まぁ眠いのはいつものことなんだがな。今日はいつも以上に眠い。滅茶苦茶眠い。気を抜いたらすぐにでも寝れるレベルだ。
理由はわかってる。昨日のあの大怪我のせいだ。まぁ全身の骨がバキバキに折れてたって話だからな。こうして普通に登校できるだけですごいことなんだろうがな。
普通そんなことになったらベッドとお友達状態だろうからな。
だがその反面というか、体のダルさだけはどうしようも無かった。プレアナースから聞いたことによると、超回復の反動ってことらしい。
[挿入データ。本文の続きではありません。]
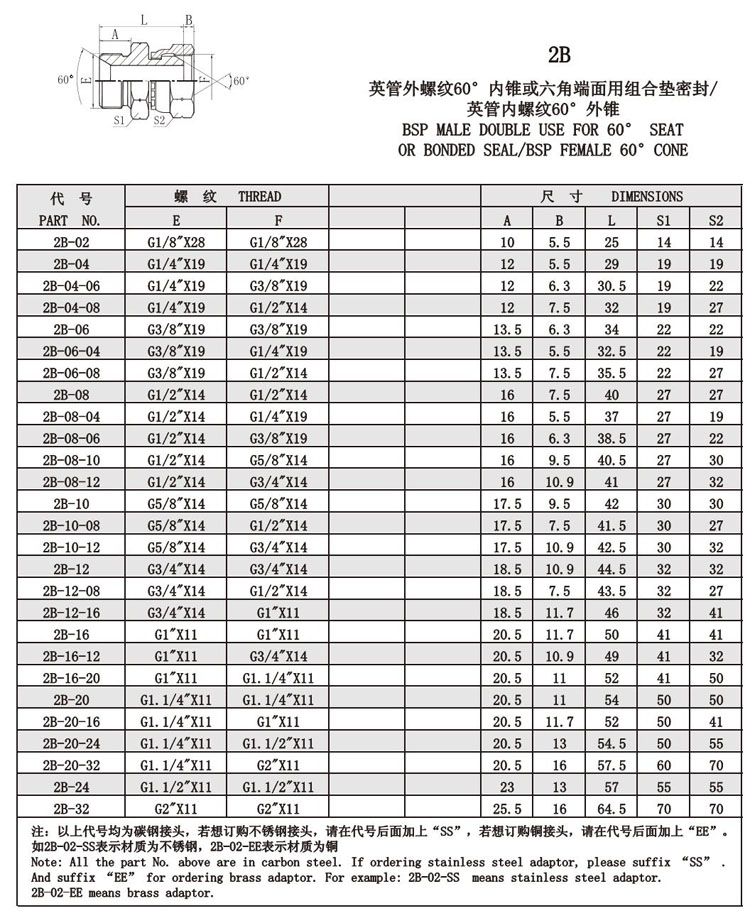 2B-02,2B-04,2B-06,2B-08,2B-10,2B-12,2B-16,2B-20,2B-24,2B-32,2B-04-06,密封接頭
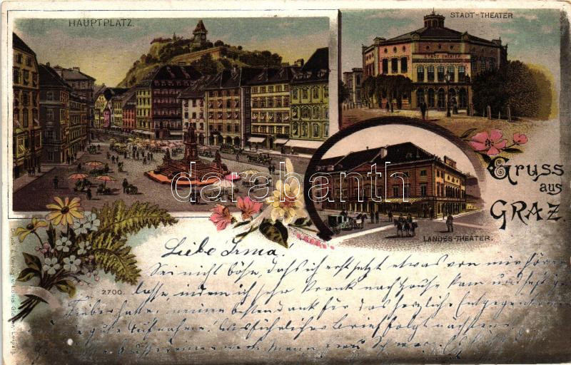 Leírás: 1899 Graz, Hauptplatz, Stadt Theater, Landes Theater / main squre, theater, floral, litho
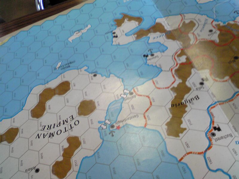 国や植民地の攻略は首都を占領すれば達成されます。しかし資源ヘクスは黄色の縁取りされたヘクスへ、実際に日本軍を派遣しなければなりません。これに結構神経を使います。何故かと言えば、陸軍と海軍の協同作戦で、手間がかかる上に派遣した部隊の、その後をどうするか、ある程度決めておく必要があり厄介なんです。
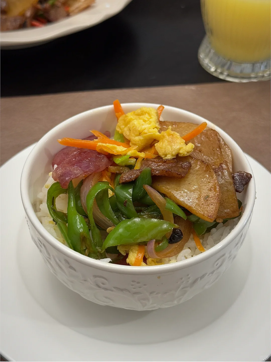若用心, 烟火的日子也可盛满悠然与惬意, 若热爱, 这一生都是关于喜悦和爱的相遇。 今天的饭菜没什么特别,就是好吃,土豆这样炒,没有放一滴水,就是要做出干锅土豆片的味道,很香很下饭! 现在的胡萝卜可真甜,炒鸡蛋好看也好吃。 香肠这么蒸是因为冰箱里多了小半根山药很久没吃怕坏了! [大笑R]玉米汁热乎乎的很落胃啊哈哈 🍽️今日菜单: 干锅土豆片 清蒸香肠 胡萝卜炒鸡蛋 五花肉炒青椒洋葱 饮品:🌽玉米汁
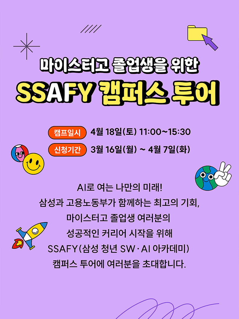 SAMSUNG X JA Korea 2026 삼성 청년 SW∙AI아카데미 SSAFY캠퍼스 투어 참가학생 모집
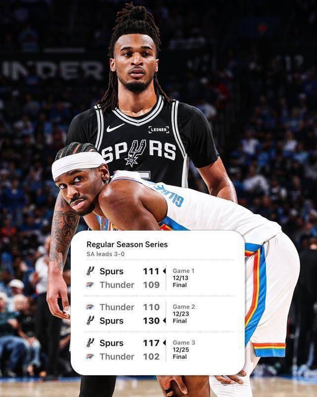 体坛周报全媒体记者 孔德昕 简直有球队能在7场比赛里打败雷霆4次吗?当卫冕冠军以24胜1负开启新赛季征途时,这个问题的谜底无穷接近于“莫得”。但脚下,圣安东尼奥马刺篡改了一切。 北京技艺12月26日,马刺客场117比102大捷雷霆,本赛季衔接第三次打败卫冕冠军,况且这3场比赛就发生在往常13天内,往常两战马刺更是连胜雷霆!若是将两队的交锋放在一轮系列赛里,雷霆仍是0比3过期,而咱们皆知谈,NBA季后赛历史上从未有球队能完成0比3过期的大逆转。 也曾看上去天涯海角的雷霆,就这么被马刺踩在了脚下。

動けないってほどではねぇし、最悪授業中寝てりゃいいだろ。とりあえず今は眠気に抗う理由うもねぇからな。
邪魔する奴もいねぇし——
「おっすー! お、今日は早いじゃねぇか晴輝! なんだなんだー? どういう風の吹き回しだよ」
いた。邪魔する奴が。それも一番ウザい奴が。
「おいうるせぇぞ。今から寝んだよ、邪魔すんな」
「なんだよ機嫌悪ぃな。そんなに眠いのか?」
「見てわかんだろうが」
「……うん、確かに眠そうだ。でもそんな時こそ喋って眠気を吹っ飛ばそうぜ!」
「うるせぇ黙れぶん殴るぞ」
「いつもならそう言うと同時に殴ってのに。マジで眠いんだな」
「そんなこと……」
ねぇだろって言おうとしたが、もしかしてやってたか?
やってたかもしれねぇ。あーダメだ。考えるのもめんどくせぇ。
「とにかく授業まで寝るからほっといてくれ。お前と喋ってたら寝る時間が無くなるだろうが」
「なんだよもー、つれねぇなぁ」
「…………」
もう喋るのもめんどくせぇ。
喋り続ける亮平のことを無視して机に突っ伏した。次第に亮平の声も遠のき始め、ゆっくり夢の世界へと落ちて——
「ぐぼぁっ!?」
「何寝てるんだハル。学校は寝る場所じゃないぞ」
背中に叩き込まれた衝撃に眠気が一気に吹き飛ぶ。
いきなりこんなことしてくる奴は一人しかいねぇ。
「げほっ、おい何しやがる空花!」
「おはようハル。お目覚めだな」
「お目覚めだな、じゃねぇよ! 寝ようとしてんのがわからねぇのか!」
「だから起こしてやったんだろう。さっきも言ったが学校は寝る場所じゃないぞ」
「授業中ならその主張もわかるけどな。別に休み時間何してようが自由だろうが。周り見て見ろよ。寝てるのはオレだけじゃねぇだろ」
何して疲れてるのか、たんに寝不足なだけなのかわからねぇが寝てるのはオレだけじゃない。教室を見回せばチラホラと机に突っ伏して寝てる奴がいた。
「確かにそうだな。よし、全員たたき起こしてこよう」
「おいやめろ!」
「? なんで止めるんだ? たたき起こされたのが自分一人だから不満なんだろう。だからこうして私が直接全員起こしに行こうとしてるんじゃないか」
「頭いかれてんのかお前は! そういうことが言いたかったわけじゃねぇよ!」
「なんなんだ全く。わけがわからない」
「お前の思考回路の方がわけわかんねぇよ」
「なはははっ! 空花がわけわからねぇのなんていつものこと——ぶげらっ?!」
「失礼なこと言うな。殴るぞ」
「も、もう殴ってんじゃねぇか」
「しまった。つい口より先に手が。これもハルの影響だな。悪影響だ。あぁ、私はハル達と関わるようになって穢されてしまった……」
「人聞きの悪い言い方すんじゃねぇよ! あぁくそ、完全に寝れるテンションじゃなくなっちまった」
まだ眠気はある。だがこの調子じゃどうしたって寝れそうにもねぇ。
しょうがねぇ、顔でも洗って来るか。
「あー、めんどくせぇ」
「どこか行くのか?」
「顔洗ってくんだよ、目覚ましだ」
「なるほど。それはいい案だ。それにしても……ホントに顔色が良くないな。昨日何かしてたのか?」
「ちょっとな。忙しかっただけだ。別に体調が悪いわけじゃねぇよ」
今も異常に眠いってだけで、それ以外の問題はとくにねぇしな。
「ならいい。行くなら早く行った方がいいぞ。そろそろ予鈴が鳴る」
「え、もうそんな時間かよ」
「あぁ、だから早く行って来るといい」
「俺のことは無視かよ……ひでぇぜ二人とも」
床に蹲る亮平のことを無視して教室を出る。
だが、眠気もあってボーっとしてたせいで教室に入ろうとしてる奴がいたことに気づかなかった。
「きゃっ」
「おっと。悪い、気付かなかった」
「ご、ごめんなさい! 私も前見てなくて、その……」
ぶつかったのは黄咲だった。ってか、なんか前にもぶつかったことがある気がするんだが。
で、またビビり過ぎだろ。まぁしょうがねぇか。
「あーいいって。気にすんな。そんじゃな」
「あ……」
黄咲なぁ。悪い奴じゃねぇんだろうが。
って今来たのか? いつももっと早く来てるイメージあるんだが。
まぁいいか。そんなこともあんだろ。
そんなどうでもいいことを考えてたら予鈴が鳴った。
「ちっ、ホームルームまでに戻ってこねぇとな。早く行くか」
そしてオレは眠気覚ましをするために手洗い場へと急いで向かった。